И мы первый раз серьезно поругались.
Потом была ночь, похожая на ночь перед налетом вражеских бомбардировщиков. Облака, притянутые штормом, так низко опустились над морем, что, казалось, давили на палубу. Спать в нашей каюте не было никакой возможности, под палубой то и дело с грохотом натягивались приводные цепи — волна продолжала бить по многотонным рулям. Мы с Петькой до утра просидели в штурвальной рубке, всматриваясь в кромешную темноту, где далеко впереди, раскачиваясь, плыли красные, зеленые, белые огоньки буксира и передней баржи. Время от времени, вырывая из темноты то тугой гладкий бок волны, то пенный гребень, с буксира бил по нас луч прожектора. Он нашаривал нашу баржу и тотчас же успокоенно потухал. На корабле беспокоились о нас.
Уже перед самым рассветом мы все-таки заснули. А когда проснулись, было такое утро, какого мы с Петькой, кажется, никогда в жизни не видели. Мягкий серый светлился в окна рубки, а в воздухе что-то изменилось. Мы прислушались: не свистел в вантах ветер, не бились железные рули — из вчерашних шумов осталось только шипение пены. Небо было почти чистое, только к горизонту медленно сползали чернильные пятна вчерашних облаков. И все это было удивительно. Ведь в наших ушах все еще стоял грохот от ударов волн, от воя ветра в снастях…
Через несколько часов мы бросили якорь на рейде против Пятиизбянки — в нескольких километрах от Калача. И почти сразу же от буксира отделилась лодка с несколькими гребцами и пошла к нам.
— Капитан плывет, — сказал Иван Игнатьевич и сам поспешил спустить деревянный трап.
Потом они все вместе — высокий, серьезный капитан, тот самый человек в клеенчатом плаще, который в море командовал расчалкой, Иван Игнатьевич, помощник капитана и Маша — прошли вдоль борта, рассматривая разрушения, причиненные штормом. Капитан мрачнел, что-то отмечал у себя в блокноте, изредка задавал вопросы Ивану Игнатьевичу. Я ожидал, что Иван Игнатьевич, как рыжий шкипер, будет упрекать капитана, но разговор шел в самых спокойных тонах и будто бы даже не о неудачном рейсе.

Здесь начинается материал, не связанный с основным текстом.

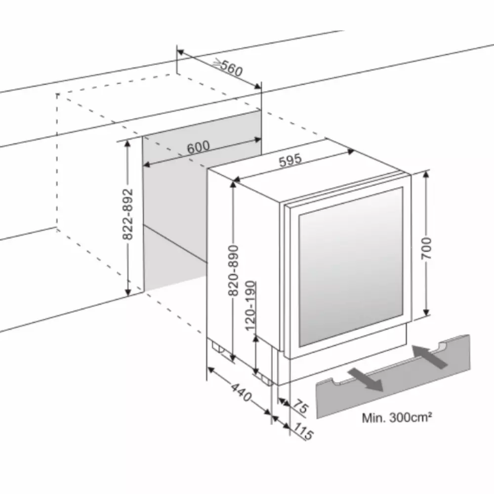 Ovaj model podpultnog ugradnog frižidera za pivo je ugrađenog tipa ispod pulta, dizajniran za savršenu integraciju u kuhinjske elemente širine 60 cm i visine postamenta od 12 cm. Njegov promišljen dizajn i elegantan, minimalistički izgled čine ga idealnim izborom za moderne kuhinje u kojima su funkcionalnost i estetska savršenost podjednako važni. Model je dizajniran za ugradnju ispod pulta u kuhinjske elemente visine 82 cm. Sa stvarnom visinom od približno 820 mm i visinom vrata od 700 mm, savršeno se uklapa u standardne kuhinjske pultove, uz visinu podnožja od 12 cm, omogućavajući pravilno ventiliranje i estetski prihvatljivu instalaciju. Zahvaljujući kompaktnom dizajnu, ovaj frižider je savršen izbor za sve koji traže diskretno, a profesionalno rešenje za skladištenje piva, bez kompromisa u izgledu prostora. mQuvée BS60AB-700 kombinuje moderan dizajn, funkcionalnost i potpunu integraciju u kuhinjsko okruženje.4. Saveti za pravilno instaliranje
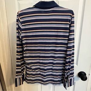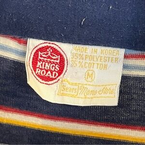 Vintage navy blue polo shirt with red, white, yellow, and light blue stripes. Very good vintage condition; no holes or stains. Cotton/poly blend. Chest 18.5” across, length 25.5”, sleeve 25”.

Закончив осмотр, все закурили и уселись у больших кнехтов.
— Новое море, — сказал капитан, как говорят о машине, которую только что сделали, но не успели еще как следует освоить. — Бури степные бывают с налету и бьют здорово.

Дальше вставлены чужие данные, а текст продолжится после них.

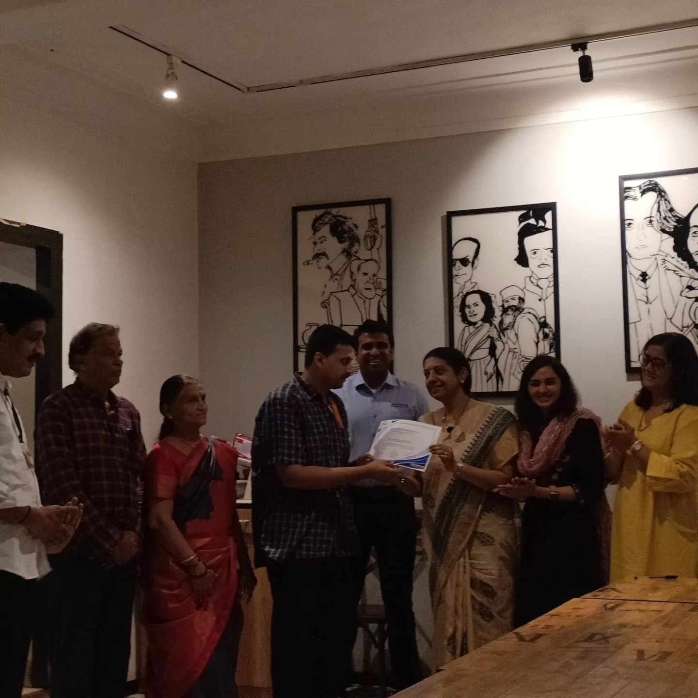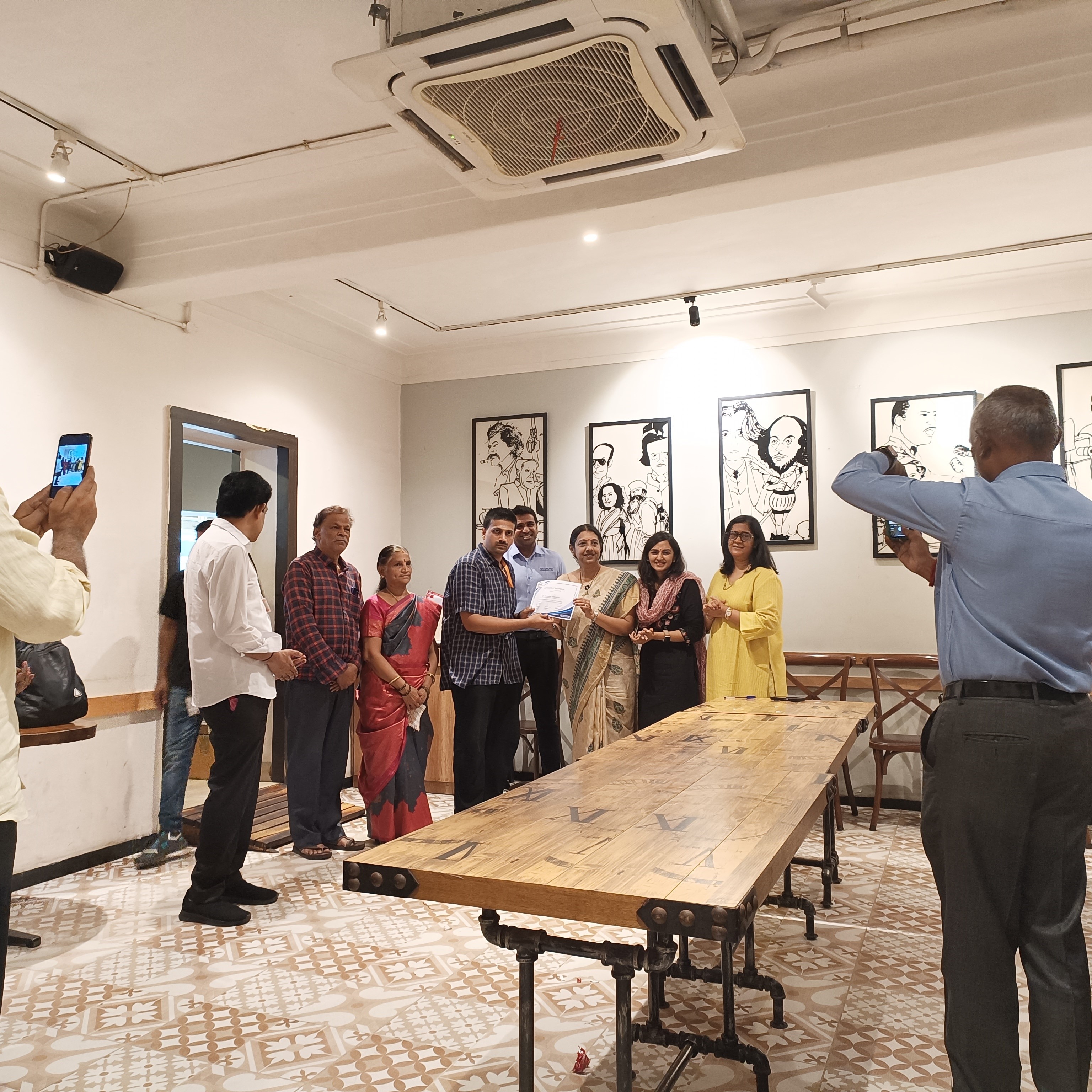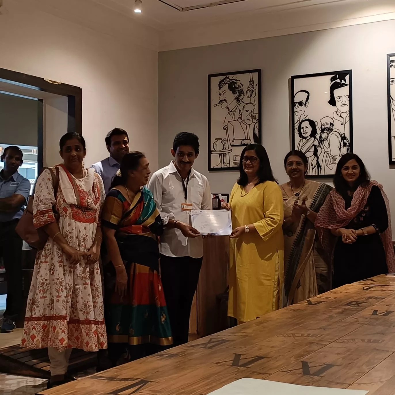 2 trainees from YES, Akshaya and Srinivasan, who were part of the training program at Writer's Cafe along with a couple of other trainees from the other units of V-Excel, completed their training successfully and were awarded with the completion certificate. The felicitation event happened on 07 May 2024, at Peter's Road Writer's Cafe. A team from FICCI FLO, who initiated this project along with the Writer's Cafe team including Mr. Tarun Mahadevan, Director Hot Breads, participated in the event and felicitated the trainees.

— Да ведь на море так — то шторм, то штиль, середины нету, — согласился Иван Игнатьевич и спросил: — Я слыхал, здесь недавно большую баржу утопило?

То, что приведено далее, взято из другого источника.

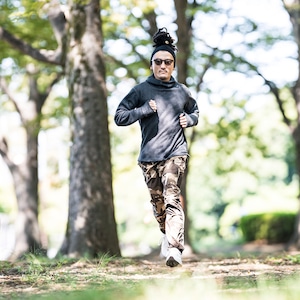 本体素材は、2 種類の東レ Primeflex ®を使用。風の当たる前面は撥水、2way ストレッチの軽量素材。背面はよりしなやかな吸水速乾ストレッチ素材で。前面にオリジナルカモフラージュを昇華転写プリント。

— Утопило, — подтвердил капитан.
— Скажи ты! — изумился Иван Игнатьевич, и в голосе его послышалось явное восхищение. — Экая штука — море! Сделали себе на голову.
Они еще долго вспоминали, какие неожиданные и страшные штормы бывают на Цимле, как трудно здесь осенью и ранней весной, в ледовую погоду водить караваны речных судов. И все это звучало как самое сильное одобрение людскому труду, создавшему здесь, в степи, настоящее море. Они сравнивали его с Азовским и приходили к выводу, что тут, на Цимле, морякам приходится труднее.
Выкурив две папиросы, капитан встал, пожал руку Ивану Игнатьевичу и спустился в свою шлюпку.
Повести, рассказы, документальные материалы, посвященные морю и морякам.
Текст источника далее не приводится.